Elie Wiesel Prize in Ethics Essay Contest
Deadline: December 7, 2008
For: Full-time US college undergraduates
Genre: Nonfiction
Prizes: $5000, $2500, $1500 and 2 honorable mentions $500.
Details: 3000–4000 word essays.
The Elie Wiesel Prize in Ethics Essay Contest is an annual competition designed to challenge college students to analyze the urgent ethical issues confronting them in today's complex world. Students are encouraged to write thought-provoking personal essays that raise questions, single out issues and are rational arguments for ethical action. This year's suggested topics are:
- What does your own experience tell you about the relationship between politics and ethics and, in particular, what could be done to make politics more ethical?

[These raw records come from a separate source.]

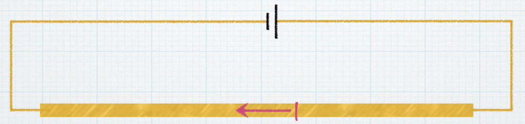 We know that the conventional current will flow in this clockwise direction based on the orientation of the battery. And we also know that the particles that carry the charge are the electrons because electrons can move freely in a conductor. But in the 1800s, people didn’t know this. (This was before people even knew that electrons existed!) People at this time asked the question: Is this current (I) due to positive charges moving to the left or negative charges moving to the right?
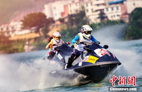 來(lái)自四川華威摩托艇隊(duì)的段振坤是本次比賽為數(shù)不多的女飛人選手,她之前是一名滑水運(yùn)動(dòng)員。對(duì)于這種轉(zhuǎn)行,她坦言到,“其實(shí)水上飛人和滑水差不多,都是雙腳踩在板上,對(duì)于身體的平衡性很相似的,所以上動(dòng)作比較快。也希望能發(fā)揮出自己的水平,展示給觀眾更好的一面。女飛人和男飛人的動(dòng)作相比,肯定有不同的地方,她說(shuō)道,“可能女運(yùn)動(dòng)員做動(dòng)作會(huì)更柔美些,男運(yùn)動(dòng)員則很剛強(qiáng)。”最后她補(bǔ)充道,“我目前的主要精力還是滑水,但飛人賽也算是我的主項(xiàng),畢竟我是國(guó)內(nèi)第一個(gè)玩水上飛人的女運(yùn)動(dòng)員,要保住這個(gè)頭銜。”
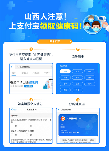 山西省疫情防控办协调省疫情防控各成员单位,在入晋公路交通卡口、车站、机场设立了宣传板、易拉宝等方式积极宣传引导,确保外省来晋返晋人员在第一落点下载“支付宝APP”,填报信息后注册申领个人山西健康码。“山西健康码”作为外省来晋返晋人员在我省通行的有效标识,各类公共场所、经营场所,特别是机关、企事业单位、酒店、餐馆、商超、影剧院、图书馆、书店、旅游景点等人员聚集场所,均要严格核验“山西健康码”状态,将其作为通行必须凭证。
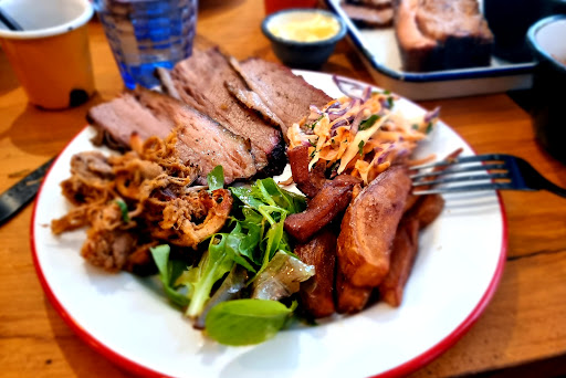 Read moreHier soir, mon ami et moi avons fait une drôle d'escale dans une singulière maison : L'Emboucaneur. Arrivés, un grand gaillard nous installe en terrasse, son sourire bonhomme et les fumets de cochon qui se dégageaient de l'intérieur nous donnèrent la confirmation que n'allions pas nous faire emboucaner. Nous partiment sur un classique entrée plat dessert sur les conseils avisés du lascard sus-cité. Là, l'averse de cochonaille attendue commença à se déverser sur nos innocentes panses, vierges d'un plaisir si pur. Un fin ketchup maison et une moutarde épicée permettaient une ingestion continue de morceaux de porc pannés, simple mise en bouche ! Pour le plat nous optames tous deux pour l'innénarable cochon fumé effiloché, accompagné pour moi d'une portion de macaroni aussi généreuse que le cœur du taulier. Quelques tranches d'onions marinées sans prétention ajoutait une touche habile d'acidité. Pour clore ce periple cochonnesque, la grand mère de notre hôte avait préparé pour l'occasion une tarte tatin assisté d'un digestif. Cerise sur le gâteau-ou chutney sur le foie - le grand gaillard nous prodigua quelques éléments de lore au moment de l'addition : ancien avocat parisien ayant fait une carrière éclair dans le magic circle, il s'est reconverti dans le commerce de pourceaux :...
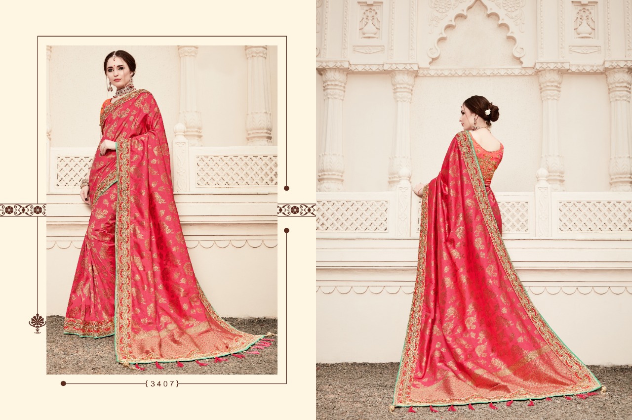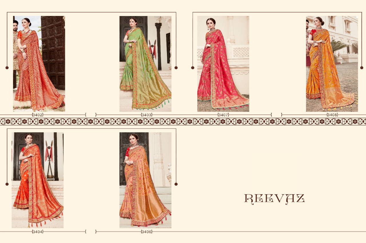 Shri Mataaram Presents Reevaz 3401 - 3409 Series Pure Silk With Embroidery Work Fancy Function Wear Saree Collection
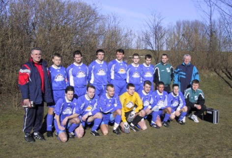 v.l.n.r: stehend: Ulrich Schulze (Trainer), Andre Schröder, Thomas Dusek, Serhji Bohorodichenko, Steffen Ulbrich, Nico Schwerin, Jörg Hennings, Bernd Kowalzyk (Mannschaftsleiter), Erwin Schieweck (Masseur)
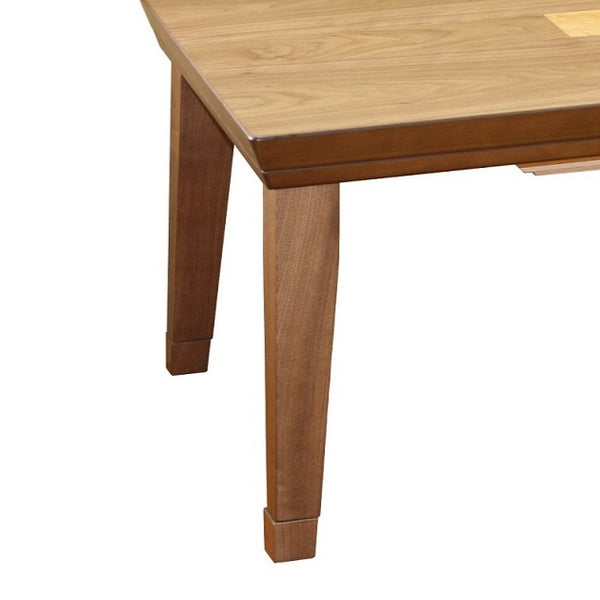 天然木ならではの綺麗な木目の家具調こたつです。天板中心に別の木材をはめ込んだデザインが印象的です。明るく優しい色合いなので、和室はもちろん、洋室にもお使いいただけます。また、小さなスペースにも設置しやすいサイズです。
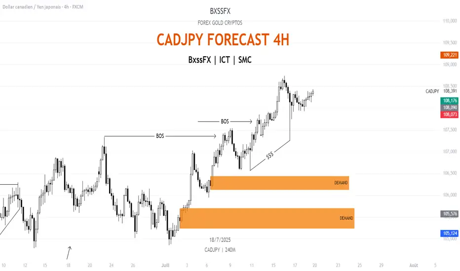 Le prix est dans une forte tendance haussière, validée par plusieurs Breaks of Structure (BOS) successifs. Deux zones Demand ont été marquées comme zones de soutien clé. Tant que le prix respecte ces zones, le biais reste haussier.

- Articulate with clarity an ethical issue you have encountered and analyze what it has taught you about ethics and yourself.
- Carefully examine the ethical aspects or implications of a major literary work, a film or a significant piece of art.
- Clearly analyze the relationship between religion and ethics in today's world.
- How does a recent political or cultural event shed light on the ethics of rebellion/revolution?